Introduction
Over the past few weeks, I stumbled upon a great way to access and analyze Hive blockchain data without needing to run my own node or deal with slow complex API calls. Enter HiveSQL—a powerful tool that lets you query Hive data like a pro!
In this blog, I'll walk you through the basics of setting up HiveSQL and using Python to extract useful data. If you've ever wanted to dive deeper into Hive's data, create custom analytics, or just explore what's happening on the blockchain, you're in the right place.
Prerequisites
Before we get started, you'll need:
✅ Some basic Python knowledge
✅ A HiveSQL account (I'll show you how to get one)
✅ A bit of patience for the setup—trust me, it’s worth it!
What is HiveSQL?
HiveSQL is a publicly available Microsoft SQL Server database that stores Hive blockchain data in a structured and easily accessible way.

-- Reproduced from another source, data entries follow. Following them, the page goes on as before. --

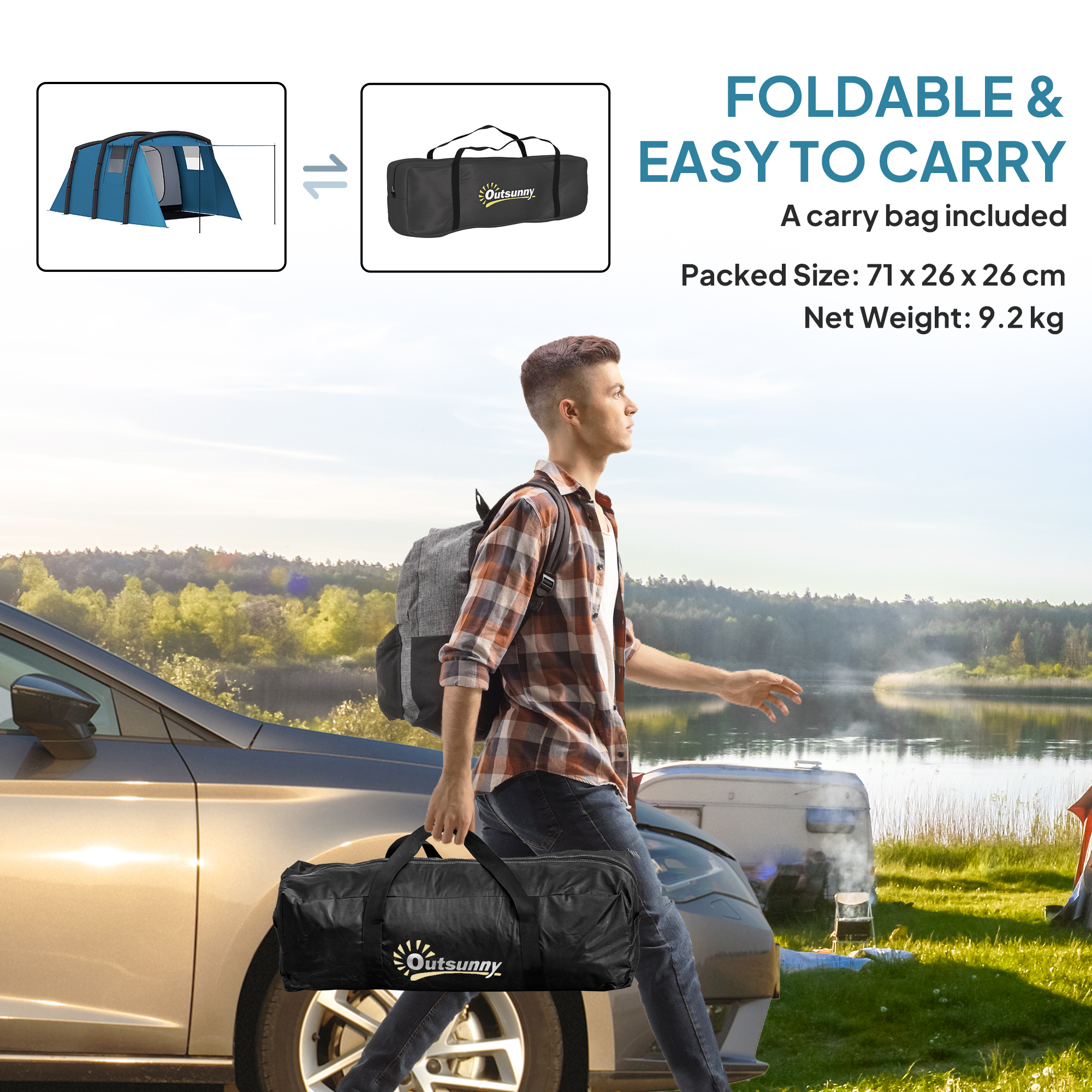 Discover the great outdoors with the Outsunny inflatable 6 man tent, your spacious escape for up to 6 people. Quick to set up with three TPU air beams, this blow up tent boasts a 210T polyester fabric for top-notch waterproofing and UV protection. Enjoy the comfort of separate living and sleeping areas and the convenience of a removable groundsheet, all packed into a light, easy-to-carry design.
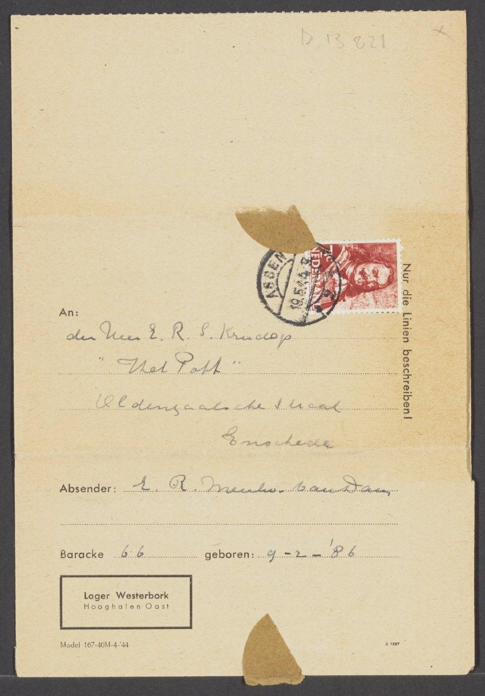 Brief van Emma Rosa Menko-van Dam vanuit kamp Westerbork aan de heer E.R.S. Krudop over het sturen van pakketten, 1944
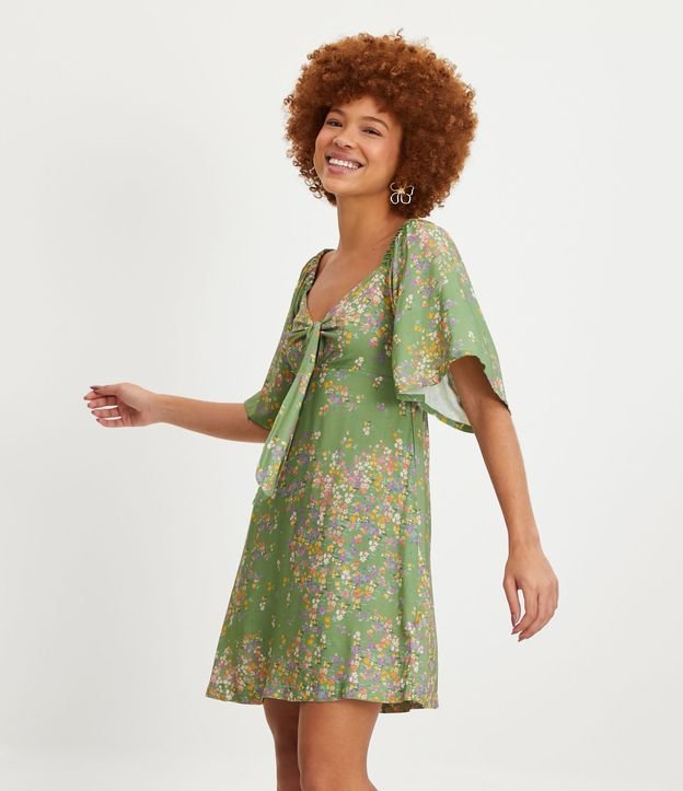 Abito in viscosa con fiocco sul seno e stampa floreale verde

Instead of running your own Hive node or scraping data from public APIs, you can use SQL queries to quickly retrieve the information you need.
Why use HiveSQL?
✔ Faster queries – No need to download blockchain data manually
✔ Easy access – Works with any tool that can connect to an MS-SQL database
✔ Powerful analysis – Great for running reports, tracking trends, and finding valuable insights
Rather than making countless API calls, you simply send an SQL query to the HiveSQL server and get back exactly the data you need—fast and efficient!
➡ Support the HiveSQL proposal to keep it running for free!
HiveSQL Proposal - Keep It Free To Use For The Community
Setting Up a HiveSQL Account
To access HiveSQL, you’ll need an account. There’s a small one-time registration fee of 1 HBD to prevent spam.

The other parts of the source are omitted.